Genotoxic exposure is associated with alterations in glucose uptake and metabolism.

Recent observations suggest that growth factor withdrawal can promote cell death in part through modulation of basic cellular bioenergetic pathways, including inhibition of glucose uptake and glycolytic metabolism. Whether DNA damage-initiated cell death pathways also involve bioenergetic deregulation has not been studied previously. Subtractive suppressive hybridization was used to identify changes in gene expression in murine cells after exposure to genotoxic stimuli, including cisplatin, etoposide, and gamma-radiation. Among the genes identified in this screen were several that regulate glycolytic metabolism. Enzymes that catalyze key regulatory steps of glycolysis, including hexokinase, phosphofructokinase, and pyruvate kinase, appeared to be coordinately down-regulated by genotoxic exposure. Northern blotting confirmed that these changes in gene expression occur within 4 h of exposure to several DNA-damaging agents.

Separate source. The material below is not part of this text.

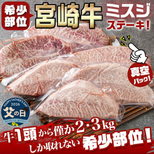 - 【父の日】宮崎牛ミスジステーキ 約100g×6枚(真空)≪6月18日~21日お届け≫_AC-8918-FG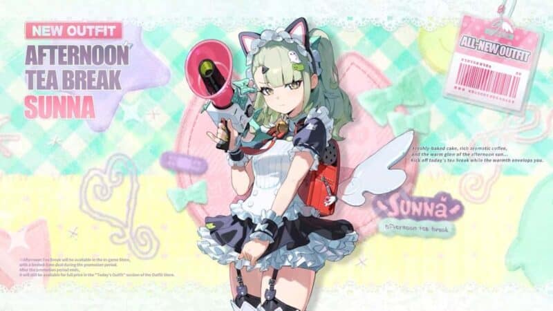 Выходящие героини сразу обзаведутся альтернативными костюмами: для Санны выпустят наряд горничной «Послеобеденный чай», а для Арии — платье «Диссонанс» в черных и малиновых тонах. Платные наряды в период версии можно приобрести по цене 1350 монохромов, после окончания баннеров она повысится до стандартных 1680 донатной валюты.

Genotoxic exposure was found to similarly inhibit expression of both glut-1 and glut-3, genes that encode critical regulators of glucose uptake. Direct measurement of glycolytic rate and of oxygen consumption confirmed that genotoxic exposure resulted in suppression of both anaerobic and aerobic metabolism. Many of these metabolic changes mimic those observed after growth factor withdrawal. Together, these observations suggest that multiple apoptotic triggers, including growth factor withdrawal and genotoxic exposure, suppress cellular bioenergetic pathways. Mitochondrial responses to the resulting rapid decrease in metabolic substrates may play an important role in initiation of apoptotic cell death.